AIM OF THE TASK>
Take nothing but the lines from the one with "Acceso rápido compatible" through the one with "Då pannkakan hörde" in the entries below, both ends kept, and return them exactly with pictures left out.
--------------------
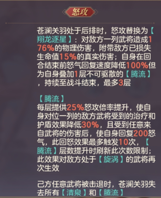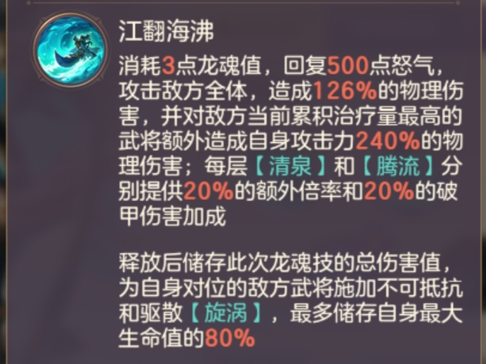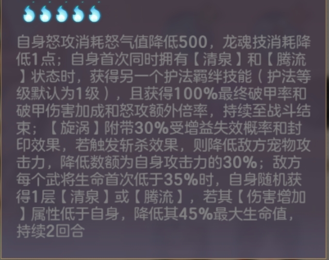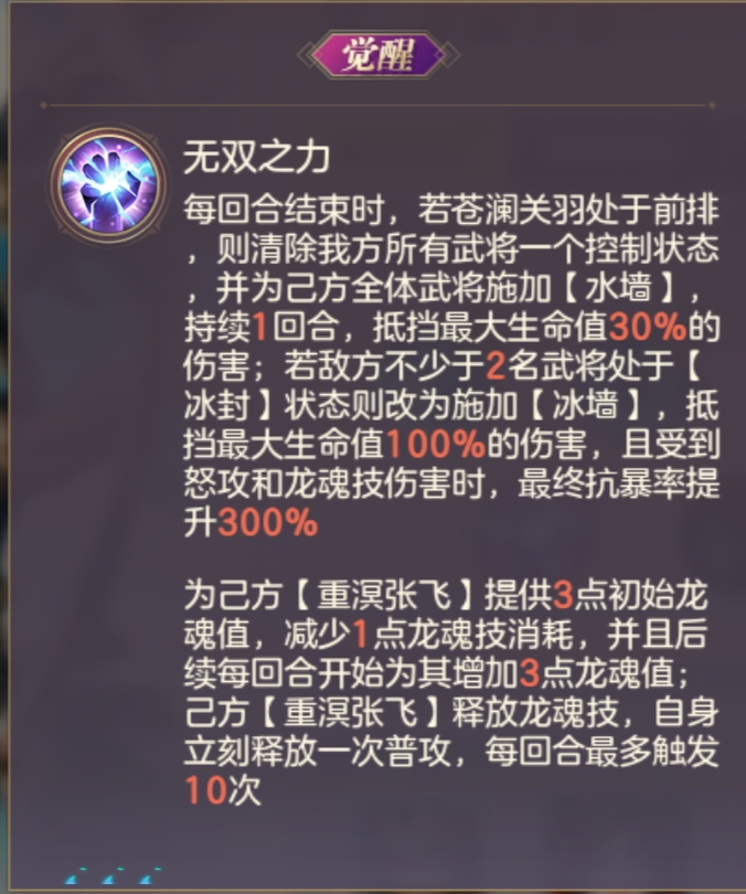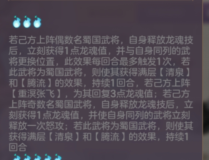 奇数时,释放龙魂技后同列武将追击一次怒攻,蜀国武将获得满【清泉】【腾流属性加成】
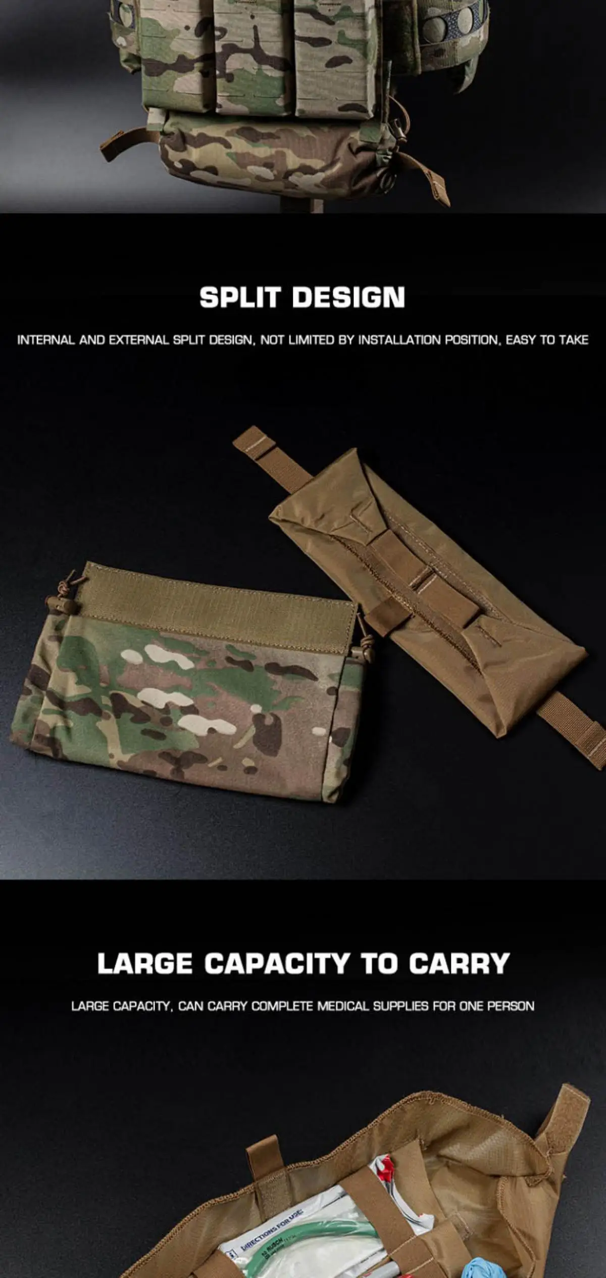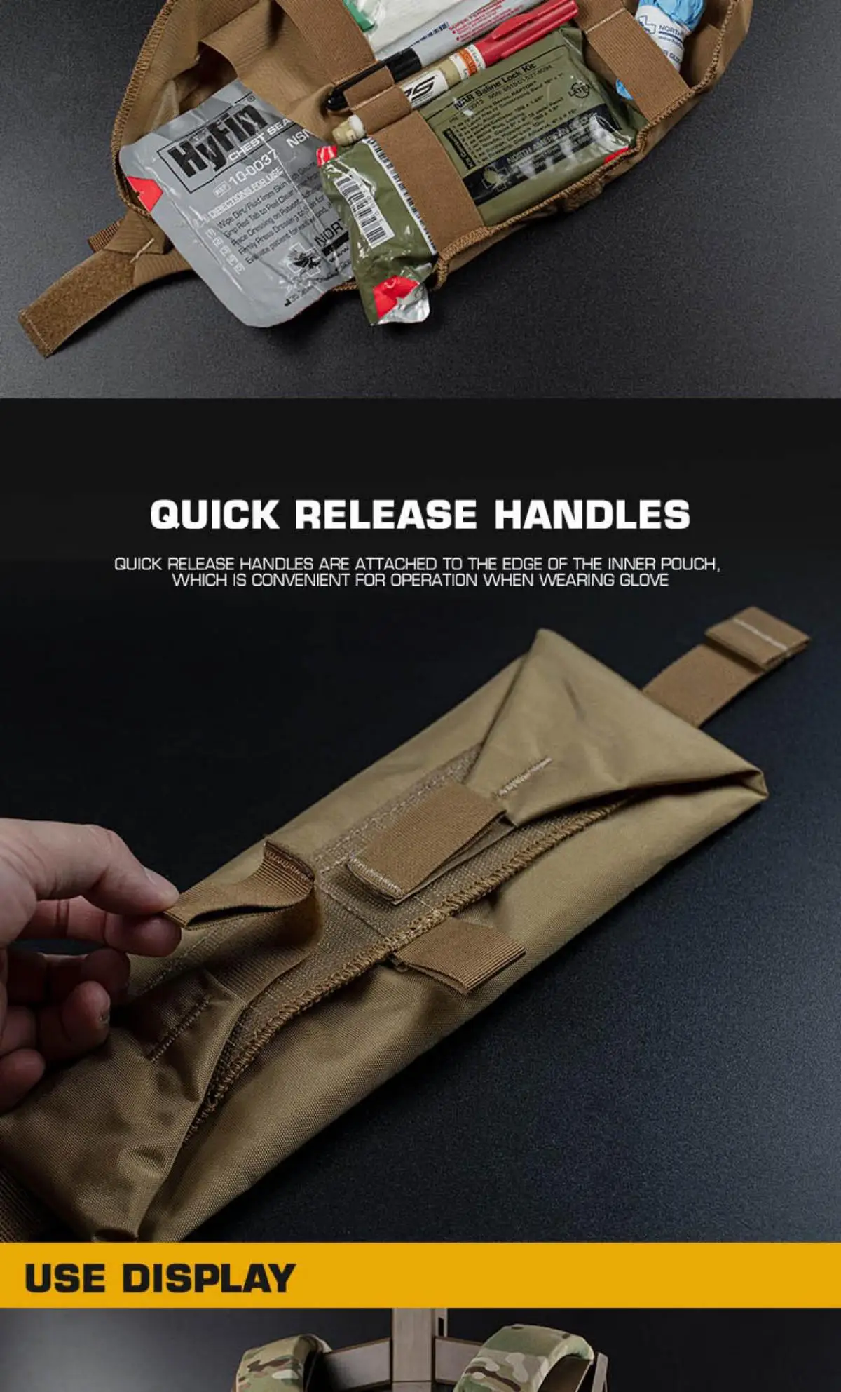 Acceso rápido compatible con guantes: el forro interior cuenta con un prominente mango de liberación rápida cosido en su borde.Esto proporciona un punto de agarre positivo, lo que le permite extraer rápidamente todo el núcleo médico con un solo tirón, incluso mientras usa guantes tácticos gruesos, eliminando las molestias en situaciones de alto estrés.
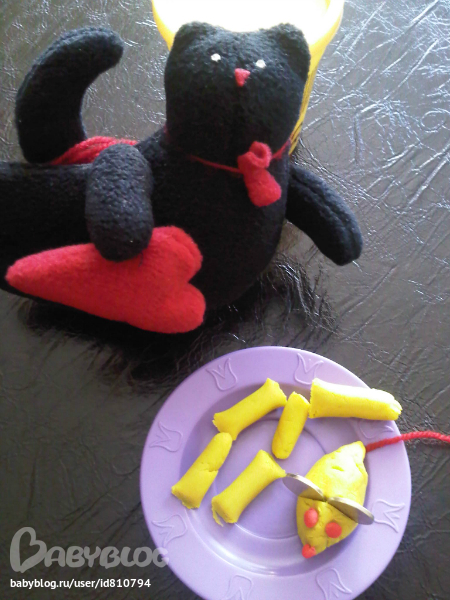 Лепили для котика колбаски и мышку. Ням!
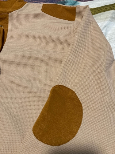Imitacje łat na rękawach źle naszyte - nie na łokciach, wygląda to trochę dziwnie. Reszta ok. Imitacje łat na rękawach źle naszyte - nie na łokciach, wygląda to trochę dziwnie. Reszta ok.
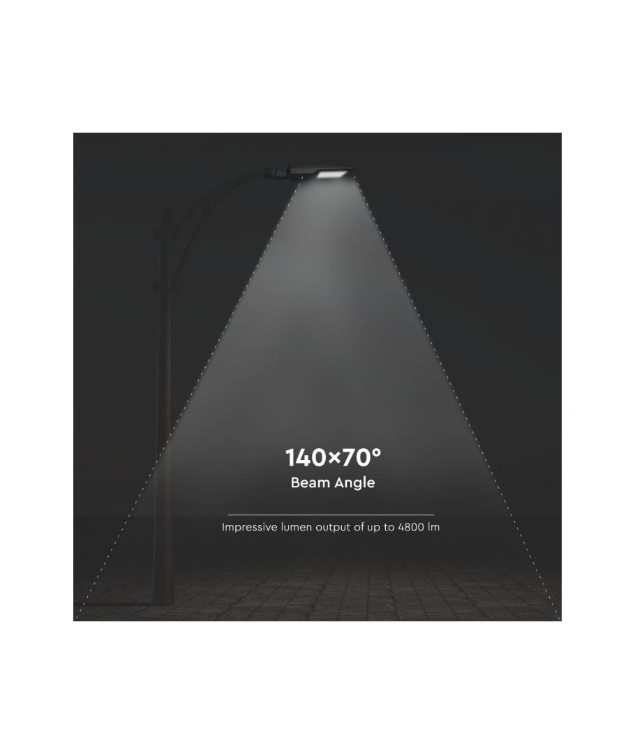 Lampens lysstyrke på 4800 lumen gir en strålende lysopplevelse, ideell for belysning av hager, stier og parkeringsområder. Takke være dens høye lyskvalitet med en RA-verdi på 80-85, kan du oppleve naturlig lys som vakkert fremhever alle farger, tilpasset de fleste belysningsbehov.
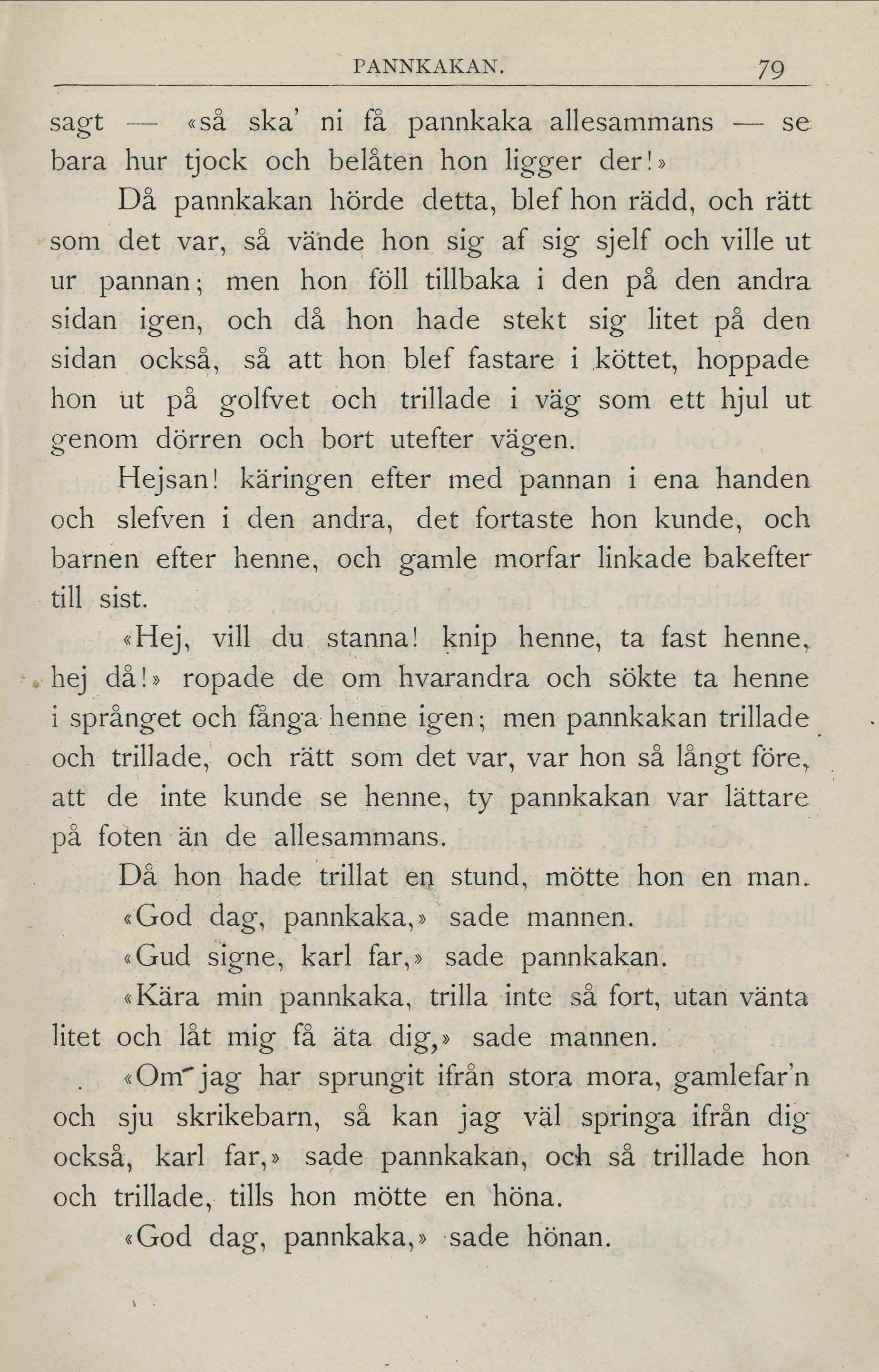 Då pannkakan hörde detta, blef hon rädd, och rätt
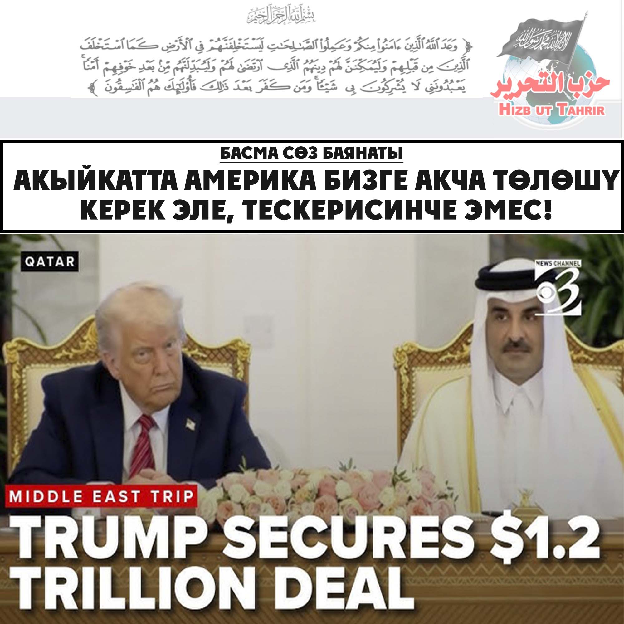 Биз үммөткө болгон ишенимибизди жана үмүтүбүздү сактап келебиз. Трамп жана анын жалданма башкаруучулары үммөттү салык төлөөгө, кылмышкер яхудий мамлекети алдында багынууга, же болбосо Исламга касташкан секуляризмди орнотууга мажбур кылгысы келгени менен, үммөт буларга макул болбойт!
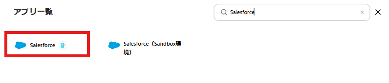 検索窓にSalesforceと入力し表示された候補をクリックします。
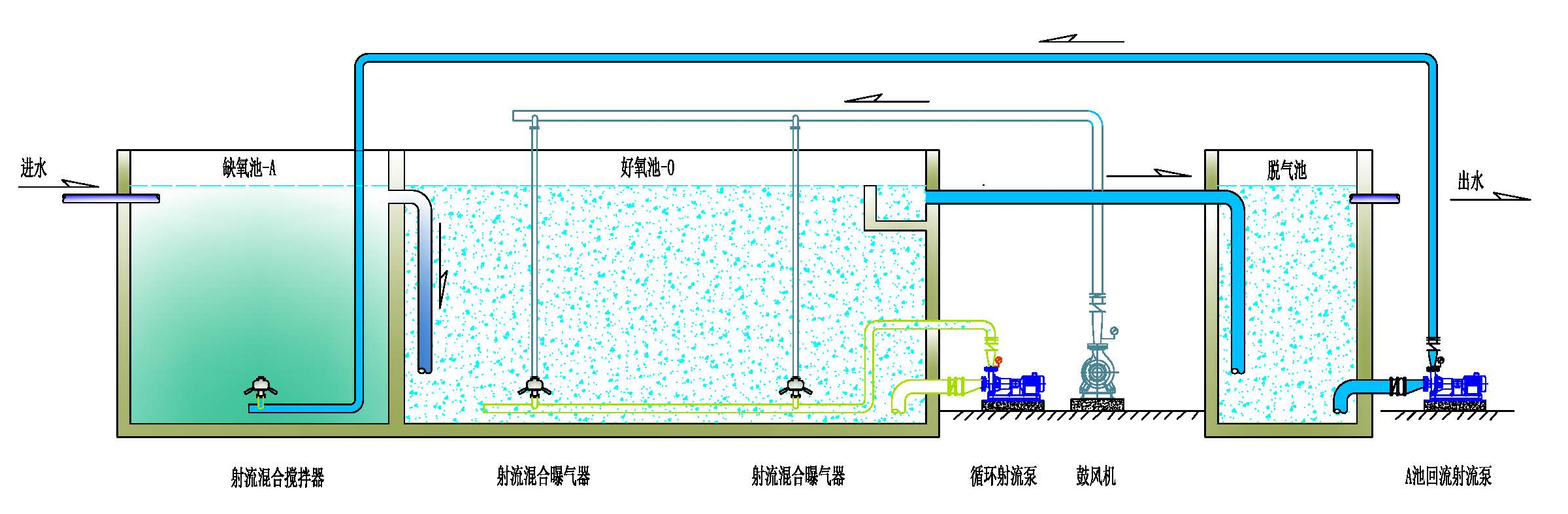 BIC-JXMT射流混合攪拌器通過射流臂導(dǎo)流環(huán)、混合液分配腔擾流柱等新穎設(shè)計(jì),能使攪拌池混合液在射流器內(nèi)產(chǎn)生較高強(qiáng)烈的紊動(dòng)、攪拌、剪切,促使攪拌池混合液充分混合,同時(shí)射流在高速前進(jìn)過程中,混合腔及括散腔內(nèi)高速旋轉(zhuǎn)的作用下,具有較高的角速度,使射流具有較強(qiáng)的穿透力,從而增強(qiáng)了混合攪拌能力。
--------------------
ANSWER SPACE>
 Acceso rápido compatible con guantes: el forro interior cuenta con un prominente mango de liberación rápida cosido en su borde.Esto proporciona un punto de agarre positivo, lo que le permite extraer rápidamente todo el núcleo médico con un solo tirón, incluso mientras usa guantes tácticos gruesos, eliminando las molestias en situaciones de alto estrés.
 Лепили для котика колбаски и мышку. Ням!
Imitacje łat na rękawach źle naszyte - nie na łokciach, wygląda to trochę dziwnie. Reszta ok. Imitacje łat na rękawach źle naszyte - nie na łokciach, wygląda to trochę dziwnie. Reszta ok.
 Lampens lysstyrke på 4800 lumen gir en strålende lysopplevelse, ideell for belysning av hager, stier og parkeringsområder. Takke være dens høye lyskvalitet med en RA-verdi på 80-85, kan du oppleve naturlig lys som vakkert fremhever alle farger, tilpasset de fleste belysningsbehov.
 Då pannkakan hörde detta, blef hon rädd, och rätt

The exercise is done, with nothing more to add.